枯草菌タンパク質分泌経路で作用するSecタンパク質群とSRP系の相互作用
佐野 暁子 指導教官:中村幸治 責任教官:山根國男
【背景・目的】
新しく合成されたタンパク質が、細胞のどこに局在するかはそのタンパク質が十分な機能を発揮するために重要である。この局在化機構のひとつであるタンパク質の分泌経路は、タンパク質のシグナルの認識、膜へのターゲティング、膜の透過という3つの段階から成り立っている。真核生物ではRNA−タンパク質複合体であるシグナル認識粒子 (signal recognition particle; SRP) によりタンパク質は認識され、小胞体膜上へとターゲティングされることが分かっている。一方、原核生物では分泌タンパク質は、膜局在性の3つのSecタンパク質 (SecA,Y,E) からなる装置により細胞膜を透過することは分かっていたが、タンパク質の認識および細胞膜へのターゲティングについては不明であった。一方、原核生物においても真核生物のSRPの構成成分と相同なタンパク質であるFfhやRNA成分が発見され、原核生物においてはSecタンパク質群とSRP系による2つのタンパク質分泌経路が存在することが示された。原核生物である枯草菌においてもSecタンパク質群とSRP系の2つのタンパク質分泌機構が存在し、両者は相互作用して機能していることが示唆されてきた。特に、SRP系の主要因子であるFfhとSecAはどちらも分泌タンパク質のシグナルを認識することができるが、SecAのシグナル認識活性は単独では非常に低く、Ffhの存在下で増大することが明らかにされた。このFfhによるSecAのシグナル認識の促進機構には、FfhがSecAの構造変化を起こしている、あるいはFfhに結合した前駆体タンパク質がSecAへと引き渡されている、などの可能性が考えられる。これを検討するために、タンパク質を大量精製し、in vitroでの解析を行った。
【方法】
GST (Glutathione S-Transferase) との融合タンパク質として発現させる pGEXベクターに枯草菌のFfh遺伝子 (ffh) を導入し、大腸菌においてGST-Ffhを高発現させた。これをGSTに特異的に結合する樹脂であるGlutathione Sepharose 4B (GS4B) によって、アフィニティー精製した。
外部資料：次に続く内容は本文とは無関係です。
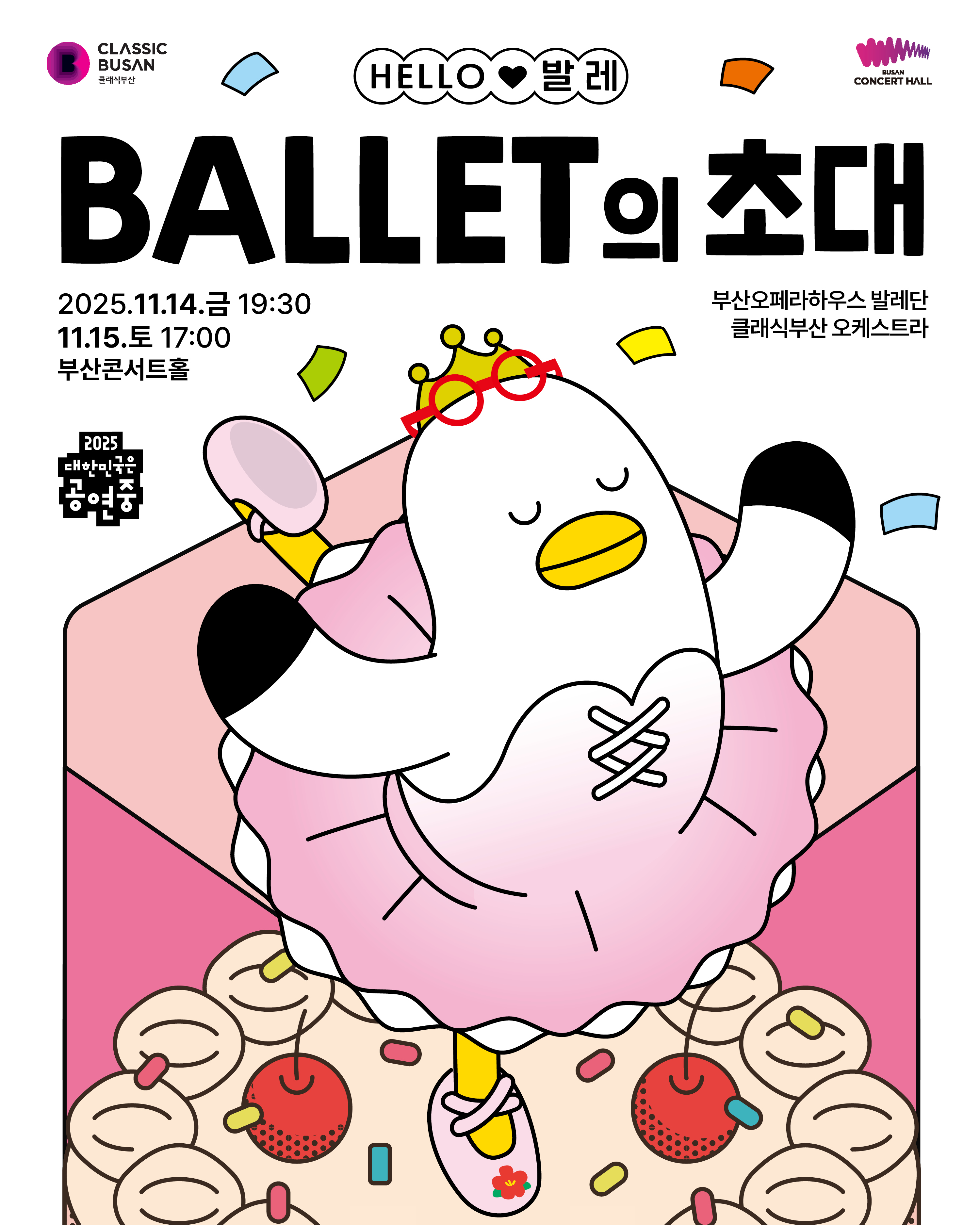 부산오페라하우스발레단과 클래식부산오케스트라가 함께하는 헬로 시리즈 발레 갈라. ‘호두까기 인형’, ‘백조의 호수’, ‘지젤’ 등 주요 장면과 ‘샤이닝 웨이브’ 갈라를 콘서트 발레 형식으로, 해설과 라이브 오케스트라로 온 가족이 즐길 수 있다.

また、枯草菌SecA高発現ベクターpTUE855を導入した大腸菌株から、硫酸アンモニウム分画し、ハイドロキシアパタイトカラムを用いてSecAを精製した。分泌タンパク質前駆体であるβ-lactamase 前駆体 (pBla) は、His-tagとの融合タンパク質として大腸菌内で高発現させ、Ni2+-NTA Agaroseによりアフィニティー精製した。精製したGST-FfhのpBlaおよびSecAとの結合能について検討した。アッセイはGS4Bに結合させたGST-FfhとpBla、あるいはGST-FfhとSecAとを混合し、15分間反応後、遠心してGST-Ffhと結合したタンパク質を回収し、ウェスタンブロッティング法により解析した。
【結果・考察】
混合液を遠心して回収したタンパク質にはpBlaが検出され、GST-FfhとpBlaは結合することが分かった。また、SecAについてもGST-Ffhと結合することが分かった。以上のことから、FfhがGSTとの融合タンパク質であっても、pBlaやSecAと結合できることが明らかとなった。現在、あらかじめGST-FfhとpBlaを反応させた混合液から、GST-FfhとpBlaの複合体を精製し、これにSecAを加え反応させ、pBlaの挙動を解析している。一度結合していたFfhからSecAへとpBlaが移動するのであれば、FfhによるSecAのシグナル認識の促進機構は前駆体タンパク質の引き渡しであると考えることができる。